- [INFORMATION PROVIDED]:

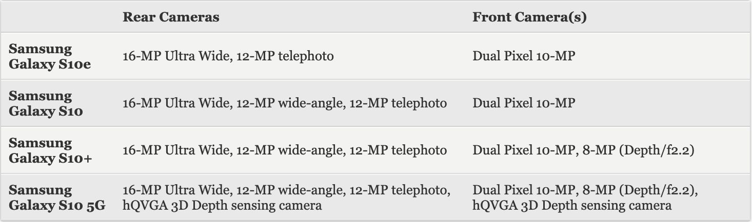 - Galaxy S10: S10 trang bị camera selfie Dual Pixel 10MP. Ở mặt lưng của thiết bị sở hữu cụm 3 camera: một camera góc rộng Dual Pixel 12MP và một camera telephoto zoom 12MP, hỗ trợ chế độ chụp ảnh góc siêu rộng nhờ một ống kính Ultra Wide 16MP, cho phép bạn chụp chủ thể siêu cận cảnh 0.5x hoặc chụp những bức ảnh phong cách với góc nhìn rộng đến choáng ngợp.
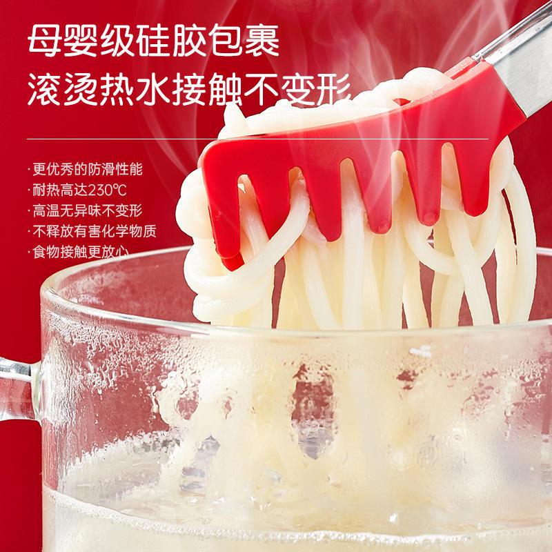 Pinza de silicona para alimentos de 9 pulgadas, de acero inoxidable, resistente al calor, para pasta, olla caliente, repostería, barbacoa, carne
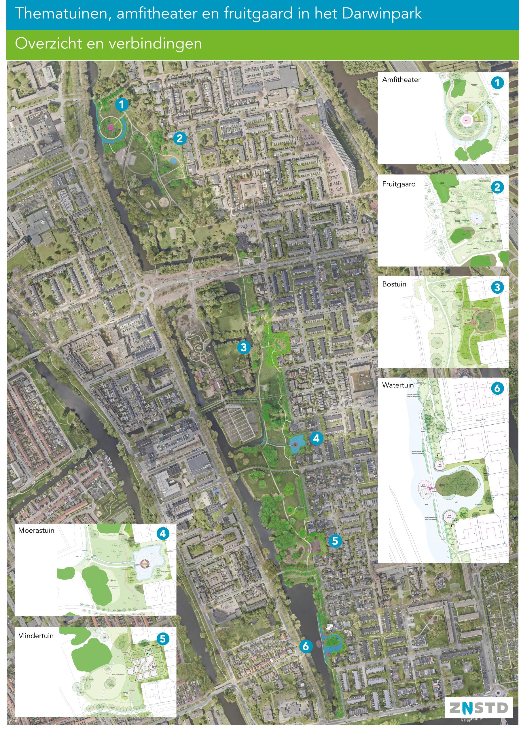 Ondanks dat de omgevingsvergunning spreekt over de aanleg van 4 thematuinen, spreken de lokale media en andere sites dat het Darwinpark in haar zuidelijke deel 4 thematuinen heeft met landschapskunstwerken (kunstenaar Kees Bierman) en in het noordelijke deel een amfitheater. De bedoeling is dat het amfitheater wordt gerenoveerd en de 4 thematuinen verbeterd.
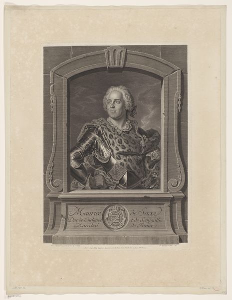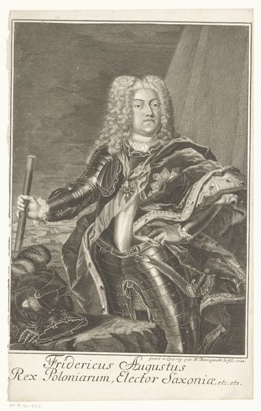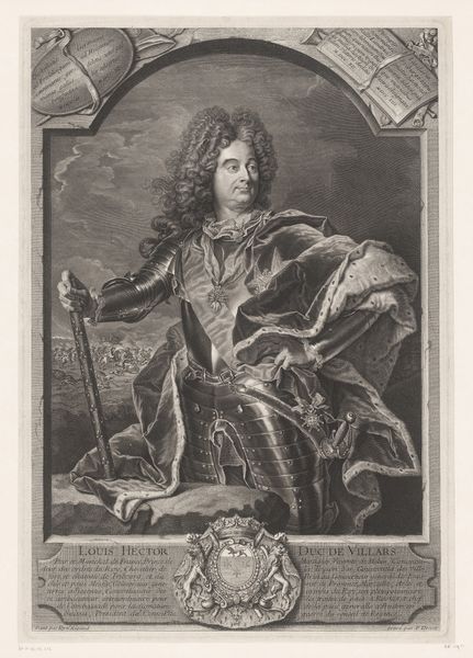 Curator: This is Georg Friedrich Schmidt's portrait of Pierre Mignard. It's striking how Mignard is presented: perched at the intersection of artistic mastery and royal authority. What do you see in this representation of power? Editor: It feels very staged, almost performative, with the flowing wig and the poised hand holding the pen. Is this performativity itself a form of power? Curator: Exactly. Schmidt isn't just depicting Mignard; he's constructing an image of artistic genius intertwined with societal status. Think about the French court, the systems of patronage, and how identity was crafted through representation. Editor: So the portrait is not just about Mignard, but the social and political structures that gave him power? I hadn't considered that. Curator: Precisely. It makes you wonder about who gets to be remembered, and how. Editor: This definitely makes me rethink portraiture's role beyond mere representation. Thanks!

- [GOAL OF THE EXERCISE]:
Skipping any pictures, transcribe the full listing exactly.

- [TASK OUTPUT]:
 - Galaxy S10: S10 trang bị camera selfie Dual Pixel 10MP. Ở mặt lưng của thiết bị sở hữu cụm 3 camera: một camera góc rộng Dual Pixel 12MP và một camera telephoto zoom 12MP, hỗ trợ chế độ chụp ảnh góc siêu rộng nhờ một ống kính Ultra Wide 16MP, cho phép bạn chụp chủ thể siêu cận cảnh 0.5x hoặc chụp những bức ảnh phong cách với góc nhìn rộng đến choáng ngợp.
 Pinza de silicona para alimentos de 9 pulgadas, de acero inoxidable, resistente al calor, para pasta, olla caliente, repostería, barbacoa, carne
 Ondanks dat de omgevingsvergunning spreekt over de aanleg van 4 thematuinen, spreken de lokale media en andere sites dat het Darwinpark in haar zuidelijke deel 4 thematuinen heeft met landschapskunstwerken (kunstenaar Kees Bierman) en in het noordelijke deel een amfitheater. De bedoeling is dat het amfitheater wordt gerenoveerd en de 4 thematuinen verbeterd.
 Curator: This is Georg Friedrich Schmidt's portrait of Pierre Mignard. It's striking how Mignard is presented: perched at the intersection of artistic mastery and royal authority. What do you see in this representation of power? Editor: It feels very staged, almost performative, with the flowing wig and the poised hand holding the pen. Is this performativity itself a form of power? Curator: Exactly. Schmidt isn't just depicting Mignard; he's constructing an image of artistic genius intertwined with societal status. Think about the French court, the systems of patronage, and how identity was crafted through representation. Editor: So the portrait is not just about Mignard, but the social and political structures that gave him power? I hadn't considered that. Curator: Precisely. It makes you wonder about who gets to be remembered, and how. Editor: This definitely makes me rethink portraiture's role beyond mere representation. Thanks!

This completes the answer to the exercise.